И вот к этому очередному болящему не без труда темной ночью продирается Акула. И находит его в кабинете врача, где идет игра в преферанс по рублю за вист, потому что Гиппократ заранее знает, с какой силой ему будет валить черва, наповал убивающая остальные масти. И когда Акула спокойно ждал окончания азартной партии, доктор от своей наглости объявил «мизер» с тремя пробоями и предложил страдающему провалом памяти Петридису записать его карту. В ответ на это оскорбительное для каждого нормального игрока заявление, Толик обиделся до такой степени, что, позабыв, с кем шпилит, ловит бестактного мозговрачителя и цепляет ему такой «паровоз», на котором можно без остановок ехать от «свердловки» до Слободки. Огорченный врач выскочил из кабинета делать обход, а Толик запросто достал из его стола бутылку лекарств с пятью звездочками на этикетке и стал распивать эту микстуру с балаболом Акулой, несмотря на то, что когда-то сильно на него обиделся.

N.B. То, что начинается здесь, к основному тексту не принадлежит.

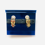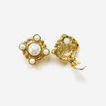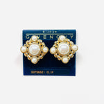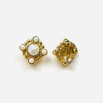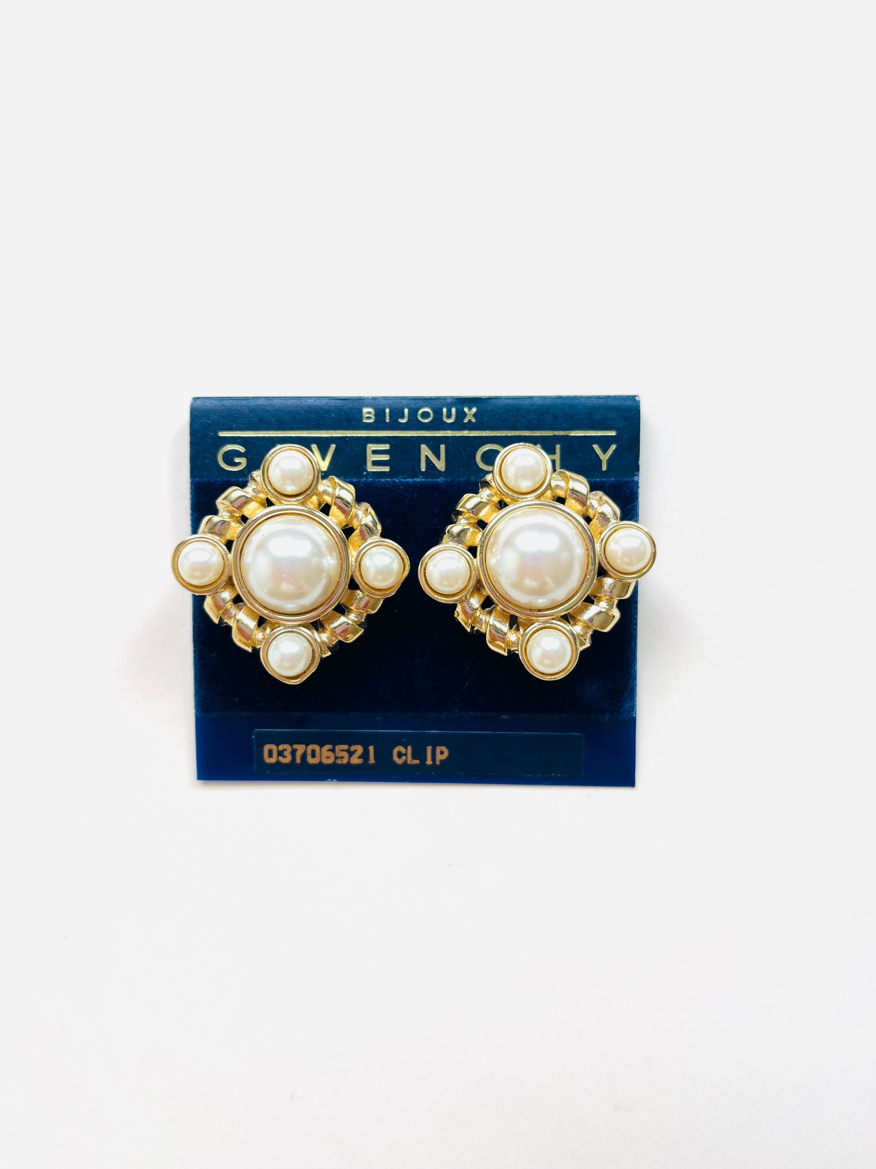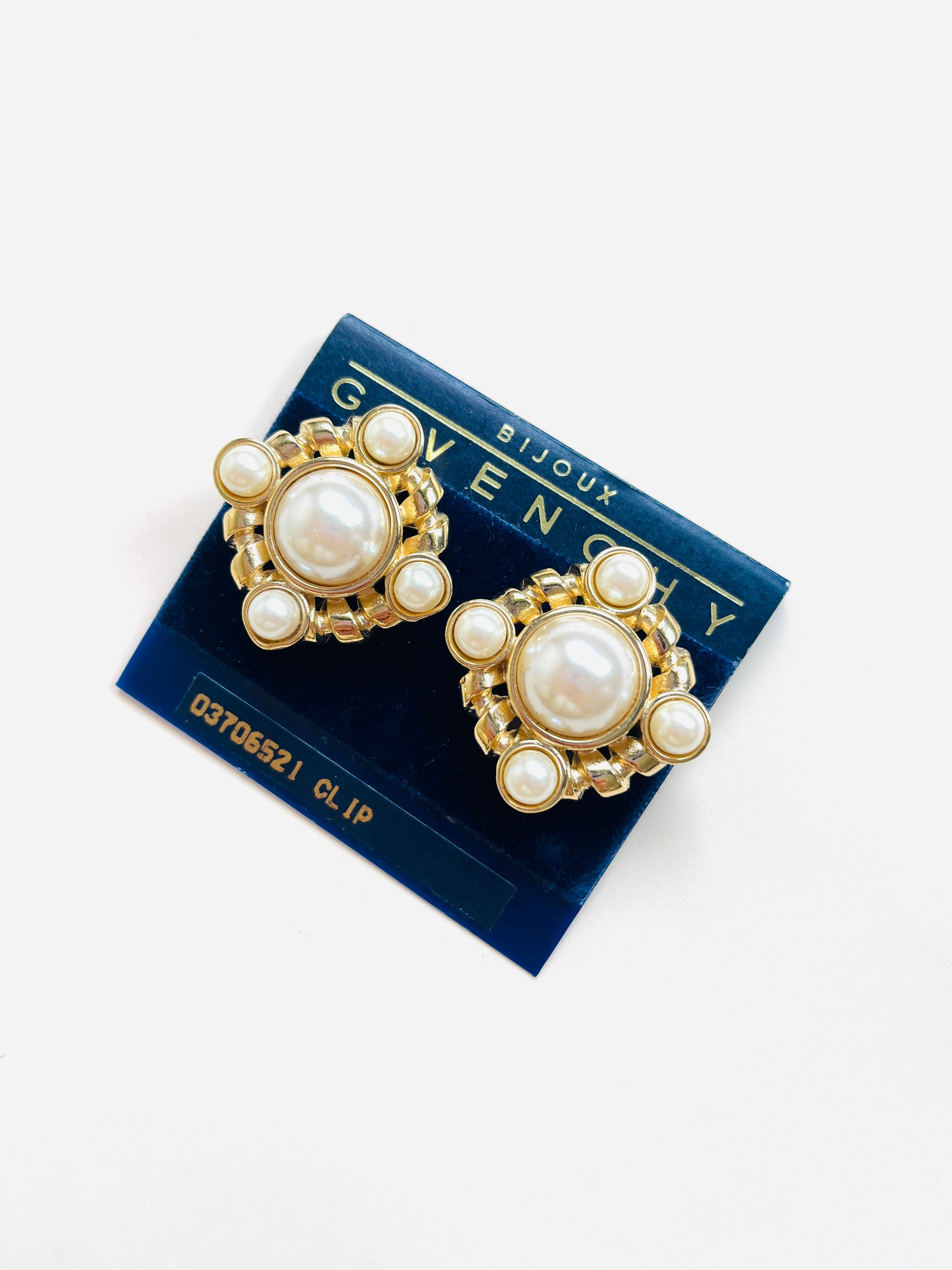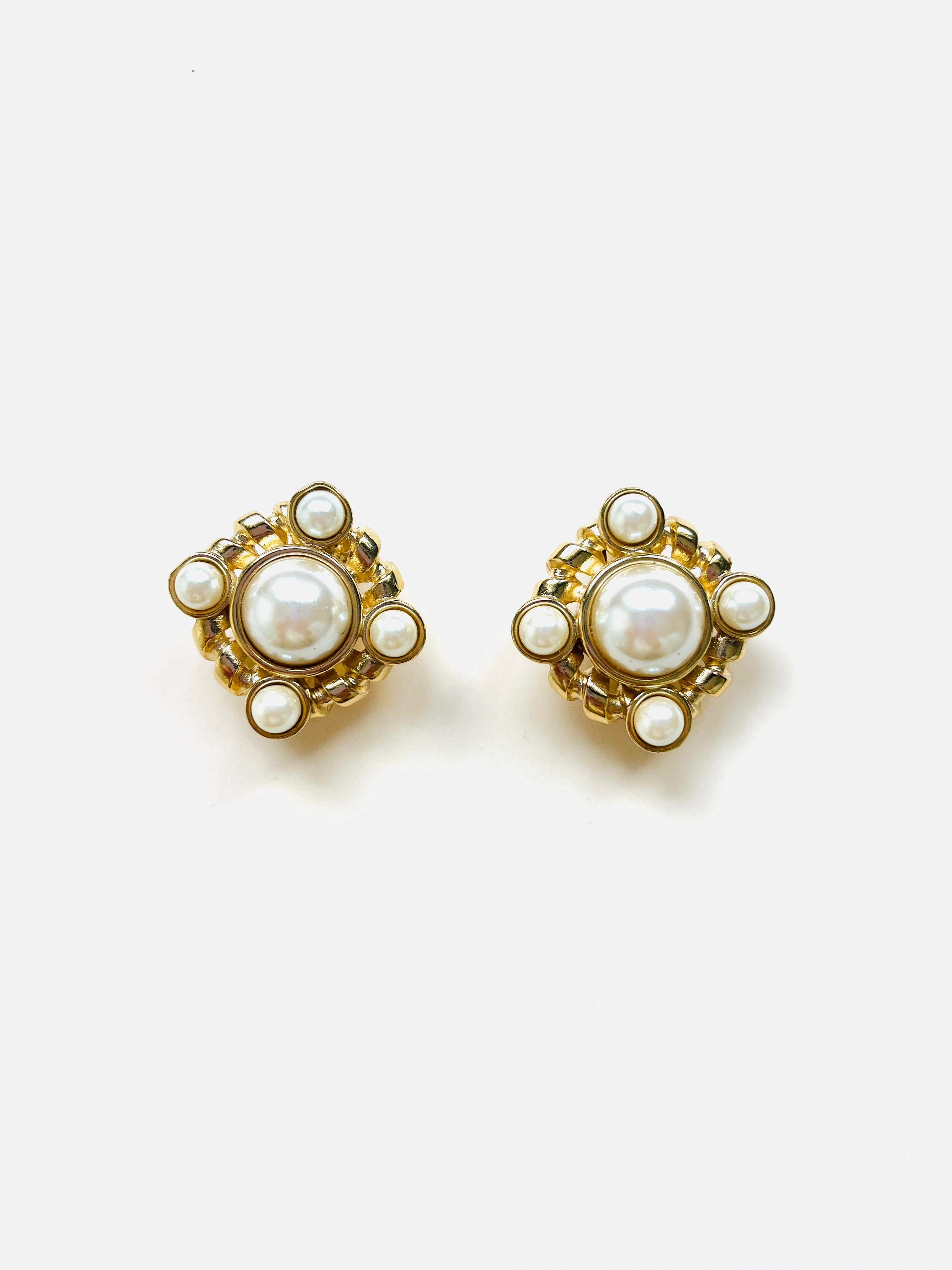 Pendientes vintage originales de los años 90 de la marca Givenchy. Base dorada en forma cuadrada dorada con apliques de perla blanca en varios tamaños.

В свое время Акула, перед тем как поздравить Толика с днем рождения, долго выбирал ему подарок. И наконец выбрал. Он поехал на Староконку и всего за гривенник купил маленького, но уже довольно вонючего козленка. А Толик же пока этого не знает. Он стоит у дверей и собирает конверты с каждого, кто прется к нему закусить и особенно выпить. Тут заявляется Акула и не бросает через плечо хозяина голодных взглядов на стол, вокруг которого гарцуют другие гости, всем своим видом показывая, что он им до жопы, а главное именины Петридиса. Балабол достал целый мешок козлиного блеяния, а Толик даже не делает вид, что дорог не такой клевый подарок, а внимание до его юбилея. Но кто в Одессе обижался на Акулу за его хохмы? Только малахольный Шапиро, который устраивал людям более главные, чем акулячие, мерзости. А Акула шворкает имениннику, что козел своей шкурой со счастливой мастью принесет Петридису такой фарт, о котором может лишь мечтать абитуриент-еврей перед сдачей экзаменов в университет. И пусть только попробует Петридис вынуть из дома этот подарок, так по сравнению с ним последний нищий будет самым фартожопым на свете. И суеверный Толик уговорил сам себя оставить эту радость на балконе. А в самом деле? Если у других в хатах живут обезьяны, собаки и прочая фауна, так что этот козел по кличке Вася хуже их гадит?

А уже на следующий день балабол нес по всему городу тем, кто не блевал после попойки у Толика, что у Петридиса появился младший брат Василий Павлович. И Паша Петридис любит своего младшего сына куда больше Толика, потому что тот пока не умеет разговаривать. Самое смешное, что Паша Петридис таки-да привязался к козлу, нежнее, чем к собственному произведению. Хотя бы потому, что козел в отличие от сына, только вонял и гадил, а все остальное – сплошное удовольствие. Толик в противовес от козла гадил, где попадя, когда был сильно пьяный, а не только на балконе, как Вася. Зато когда Толик открывал от своих дел рот на папу, так блеяние козла было Паше лучше всякой «лав стори». Вот так они и жили – Толик, Вася вместе с дедушкой, папой и мамой мадам Петридис, которая в отличие от мужа была одинаково довольна обоими сыновьями. А средний Петридис, который только тем и занимался, что прятал в хате уже поздняковское добро, от не хер делать тренировал козла и уверял Толика, что у него мозгов гораздо меньше, чем у Васи. Тем более, что Вася радостно блеял, когда Паша спрашивал «Пойдем, где были вчера», а Толик бы ни за что уже не мекнул на такой вопрос, потому что исстрадался от провалов своей памяти.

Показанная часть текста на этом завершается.